# Question Of The Week... ( 2019 week 19)



## ripjack13 (May 5, 2019)

*During your woodworking career, have you faced adversity? And how did you overcome it?*










**Rules**
There is no minimum post requirement,
primates, woodticks, and leprechauns are welcome to post an answer.
And of course the Doc and the wood spinner too....


----------



## woodtickgreg (May 5, 2019)

Well I wouldn't call my wood working a career. It's just a fun hobby for me.
Adversity was a miserable controlling ex wife.
I overcame that by leaving the b.... and getting a divorce. Now my shop is even better and no one tells me what I can or cant buy. I can work in my shop whenever I want and do what I want. The new girlfriend of 3 years loves what I do and encourages it. 
Adversity solved!

Reactions: Like 2 | Great Post 3 | Sincere 1


----------



## ripjack13 (May 5, 2019)




----------



## Karl_99 (May 5, 2019)

The only adversity I have had to overcome was getting my wife to understand that those packages in the mail were profitable! She accepts what I do, but does not get involved with it - I think it's a win-win!

Reactions: Like 3


----------



## Lou Currier (May 5, 2019)

My adversity is box making. I really want to make some but fear the process. I am hoping to meet someone some day who will teach me. Videos haven’t helped.

Reactions: Like 1


----------



## CWS (May 5, 2019)

Lou Currier said:


> My adversity is box making. I really want to make some but fear the process. I am hoping to meet someone some day who will teach me. Videos haven’t helped.

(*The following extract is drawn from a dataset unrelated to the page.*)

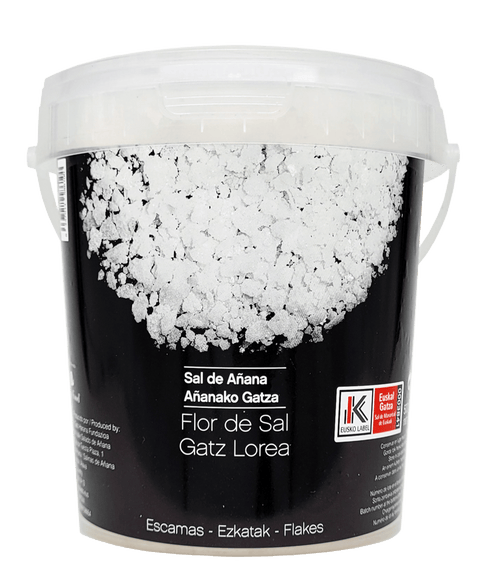 Das Topprodukt von Sal de Añana. Da der natürliche Salzgrad der Salinen derart hoch ist, bildet sich das Flor de Sal innerhalb kürzester Zeit an der Sonne. Dadurch ist die Körnung grobflockig und sehr knackig im Biss - eine absolute Rarität.

Some things are meant not to be

Reactions: Funny 1 | +Karma 1


----------



## Herb G. (May 5, 2019)

What happened to week 19?

Reactions: Informative 1


----------



## ripjack13 (May 5, 2019)

Herb G. said:


> What happened to week 19?


Dag nabbit....I did it again, didn't I?


----------



## ripjack13 (May 5, 2019)

There. I switched on the time machine. Back to the present. Heh heh heh.

Thanks @Herb G.


----------



## David Hill (May 5, 2019)

Well...... yes and no.
Nothing like having an injury or other life changing event like some of y’all have had or are having.
My more mundane problems have been material failure ( having commissioned things _blow up_), machinery failures (though none since my last upgrades a while back), and that TIME thing.

Reactions: Like 2


----------



## Tclem (May 12, 2019)

I threatened her with a divorce


----------